A spokesperson for Plenum explained that the Treasury bill is the collateral of the cat bond.
“The invested capital is parked there during the duration of the cat bond and stays ready in the case of a loss to be covered,” the spokesperson added.
Steiger of Icosa explained that cat bonds typically use T-bills (or Treasury money market funds) as collateral to back the bond's principal, which is held in a trust account to minimize credit risk.
“This structure ensures investors’ funds are protected by low-risk government securities while earning returns from both T-bill interest and catastrophe risk premium, which together form the coupon,” he said. “This way, exposure to the ceding company can be reduced as the principal does not sit on the balance sheet of the company sponsoring the cat bond but is instead parked in T-Bills.”
Nonetheless, the cat bond market is indirectly affected, Plenum assured.
“If traditional asset classes undergo broad repricing, the relative stability of cat bonds may lead to an increased portfolio weighting.
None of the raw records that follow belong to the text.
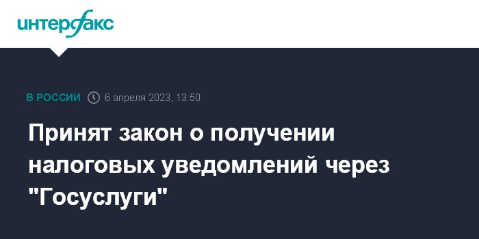 Москва. 6 апреля. INTERFAX.RU - Госдума приняла в третьем чтении закон, который позволяет налогоплательщикам - физическим лицам с 1 июля 2023 г. получать уведомления от налоговых органов через "Единый портал государственных и муниципальных услуг" ("Госуслуги").
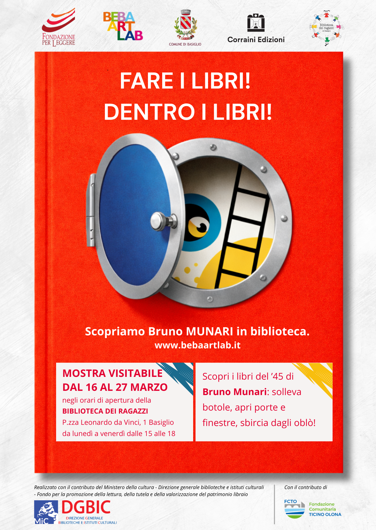L’iniziativa è promossa dalla Fondazione per Leggere, in collaborazione con Beba Restelli, Cristina Bortolozzo (operatrice certificata del Metodo Bruno Munari®) e Corraini Edizioni, nell’ambito del progetto “Fare libri! Dentro i libri! – Scopriamo Bruno Munari in biblioteca con il laboratorio di Beba Restelli”.
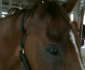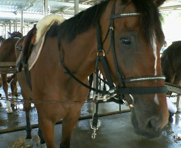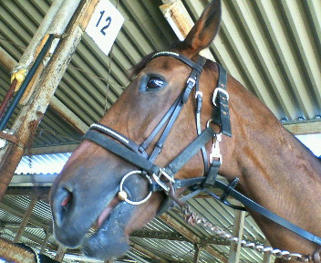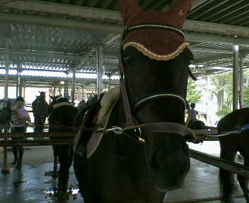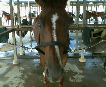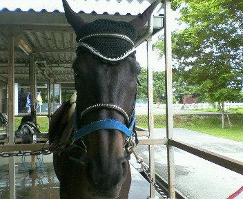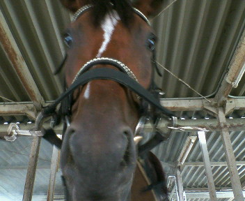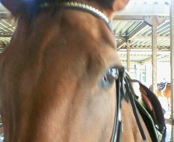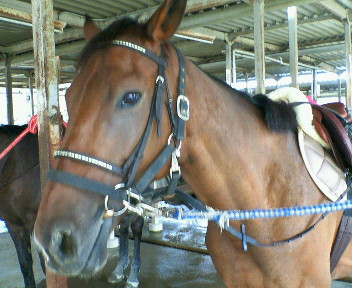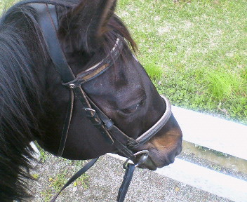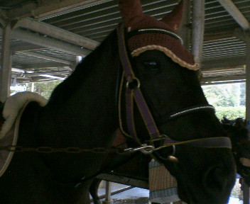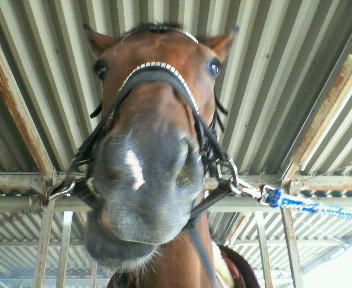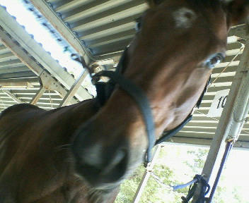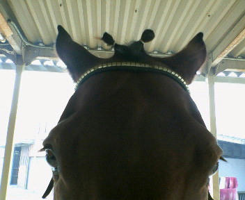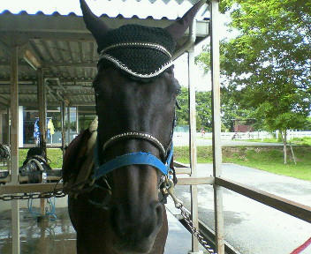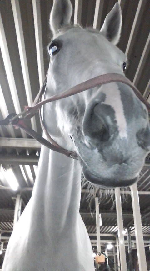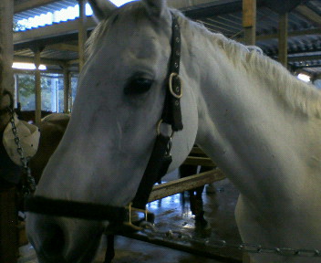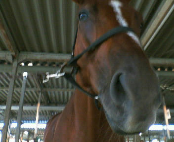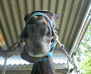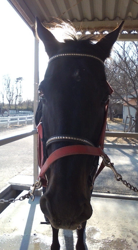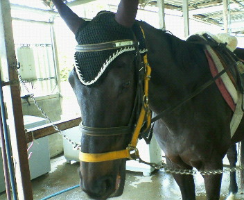 他の馬が大嫌いで、前をとおりすぎると、隣にくると、後ろの洗い場にはいると、その度に怒って威嚇しているので、馬装中の時は注意。人間は大好きらしい・・・。

As a result, we may see moderate outflows from the cat bond market.” But this dynamic might actually impart a positive effect: reduced demand for cat bonds leads to a lower supply of insurance coverage, which in turn helps stabilize reinsurance yields, Plenum added in the note to shareholders. Plenum manages a total of $1.5 billion in assets.
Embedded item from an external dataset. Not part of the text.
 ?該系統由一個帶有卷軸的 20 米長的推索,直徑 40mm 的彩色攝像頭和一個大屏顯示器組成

Rick Pagnani, CEO and cofounder of King Ridge Capital Advisors, which manages the world’s first ETF that invests in catastrophe bonds, the Brookmont Catastrophic Bond ETF, said while cat bonds are not immune to risk, they have been stable since they play by different rules.
“Their payouts depend on actual events, earthquakes, hurricanes, not inflation prints or Fed comments,” he said. “That makes them structurally uncorrelated to most of the portfolio.”
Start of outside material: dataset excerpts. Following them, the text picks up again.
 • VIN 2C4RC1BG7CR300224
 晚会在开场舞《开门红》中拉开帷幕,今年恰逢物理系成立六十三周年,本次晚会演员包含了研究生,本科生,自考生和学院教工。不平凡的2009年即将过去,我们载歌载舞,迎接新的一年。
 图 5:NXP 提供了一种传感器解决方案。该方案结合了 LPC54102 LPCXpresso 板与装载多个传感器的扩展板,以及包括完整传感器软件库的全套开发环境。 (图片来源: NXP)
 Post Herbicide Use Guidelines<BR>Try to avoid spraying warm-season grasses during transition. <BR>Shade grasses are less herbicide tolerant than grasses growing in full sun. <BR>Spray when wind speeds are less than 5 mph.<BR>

What is also helping the asset class has been a stretch of relatively quiet catastrophe activity.
“Last year and so far this year, we haven’t seen the kinds of major events that trigger losses,” Pagnani said. “Of course, that can change quickly, (as) hurricane season starts in June, but right now, performance has been steady, and the technical backdrop is solid.”
Cat bonds bring something unique to the table, he added, “exposure to risks that are genuinely outside the economic cycle.”
The Brookmont ETF, which was launched on April 1 and trades under ticker ILS, now has about $6 million in assets.
CAT bonds are a niche, specialized space in the wider global bond market, with very sophisticated institutional players such as international insurance companies, said Jwala Rambarran, senior adviser, office of the managing director at the CVF-V20 Secretariat.
“The impact of Trump’s tariff policies was more on global equity markets, especially U.S. companies with significant supply chains to emerging markets such as China on which very high tariffs were placed,” he said. “Bond markets were relatively less affected than equity markets, particularly the niche CAT bond market which remains very risky but rewards investors very well for taking such risk.”
The CVF-V20 is an independent intergovernmental group based in Accra, Ghana, which represent countries that are more vulnerable to climate change.